SELECT [Type],[SubType],[Amount] ,SUM(Amount) OVER() as totamt ,cast(100. * Amount / SUM(Amount) OVER() as numeric(6,3)) as pctTotAmt ,cast (100. * Amount / SUM(Amount) OVER(PARTITION BY [Type]) as numeric(6,3)) as pctType ,cast (100. * Amount / SUM(Amount) OVER(PARTITION BY [SubType]) as numeric(6,3)) as pctSubType FROM [dbo].[GroupBySum] ORDER BY [Type], SubType; with cte as -- common table expression ( SELECT [Type],Subtype,[Amount] ,SUM(Amount) OVER() as totamt ,cast(100. * Amount / SUM(Amount) OVER() as numeric(6,3)) as pctTotAmt ,cast (100. * Amount / SUM(Amount) OVER(PARTITION BY [Type]) as numeric(6,3)) as pctType ,cast (100. * Amount / SUM(Amount) OVER(PARTITION BY [SubType]) as numeric(6,3)) as pctSubType FROM [dbo].[GroupBySum] ) select [Type],Subtype,sum(Amount) as SumAmt,totamt,sum(pctTotAmt) as pctTotAmt ,sum(pctType) as pctType, sum(pctSubType) as pctSubType from cte group by [Type], SubType, totamt ORDER BY [Type], SubType;
Below are the results in SSMS.
Filter with WHERE
You can filter with the WHERE clause in the query with the Window function.
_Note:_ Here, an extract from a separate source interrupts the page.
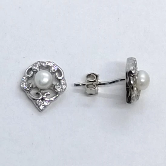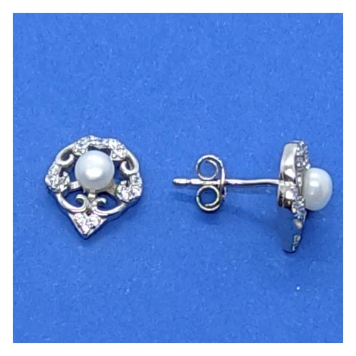 | Cirkon kővel díszített áttört mintájú középen 3 mm-es tenyésztett gyönggyel készített ezüst srófos fülbevaló | |

with cte as -- common table expression ( SELECT [Type],Subtype,[Amount] ,SUM(Amount) OVER() as totamt ,cast(100. * Amount / SUM(Amount) OVER() as numeric(6,3)) as pctTotAmt ,cast (100. * Amount / SUM(Amount) OVER(PARTITION BY [Type]) as numeric(6,3)) as pctType ,cast (100. * Amount / SUM(Amount) OVER(PARTITION BY [SubType]) as numeric(6,3)) as pctSubType FROM [dbo].[GroupBySum] where [Type] = 'AAA' ) select [Type],Subtype,sum(Amount) as SumAmt,totamt,sum(pctTotAmt) as pctTotAmt ,sum(pctType) as pctType, sum(pctSubType) as pctSubType from cte group by [Type], SubType, totamt ORDER BY [Type], SubType;
The results are below.
Window Functions, Nested CTEs and Select Into a New Table
Here we are combining several features of T-SQL to create a new table.
with cte1 as -- common table expression (CTE) ( SELECT [Type],Subtype,[Amount] ,SUM(Amount) OVER() as totamt ,cast(100. * Amount / SUM(Amount) OVER() as numeric(6,3)) as pctTotAmt ,cast (100. * Amount / SUM(Amount) OVER(PARTITION BY [Type]) as numeric(6,3)) as pctType ,cast (100. * Amount / SUM(Amount) OVER(PARTITION BY [SubType]) as numeric(6,3)) as pctSubType FROM [dbo].[GroupBySum] where [Type] = 'AAA' ), cte2 as -- nesting CTE ( select [Type],Subtype,sum(Amount) as SumAmt,totamt,sum(pctTotAmt) as pctTotAmt ,sum(pctType) as pctType, sum(pctSubType) as pctSubType from cte1 group by [Type], SubType, totamt ) select [Type],Subtype,SumAmt,totamt,pctTotAmt,pctType,pctSubType into GroupBySumAAAReport -- a new table (it must not already exist) from cte2 order by [Type],Subtype;
Here is the result after simply running a SELECT on our new table. In the above query, notice the syntax of nesting CTEs. We use multiple CTEs separated by commas. The second CTE can refer to the previous CTE and the SELECT INTO can refer to the previous CTE.
Tableau
Are you working with Tableau for data visualization? In Tableau, have a look at their level of detail (LOD) expressions. They can be compared to SQL’s window functions. Here is an article called Types of Calculations in Tableau. LOC calculations are covered there.
Excel
Are you working is Excel? If you want to sum a column based on a condition, have a look at SUMIFS().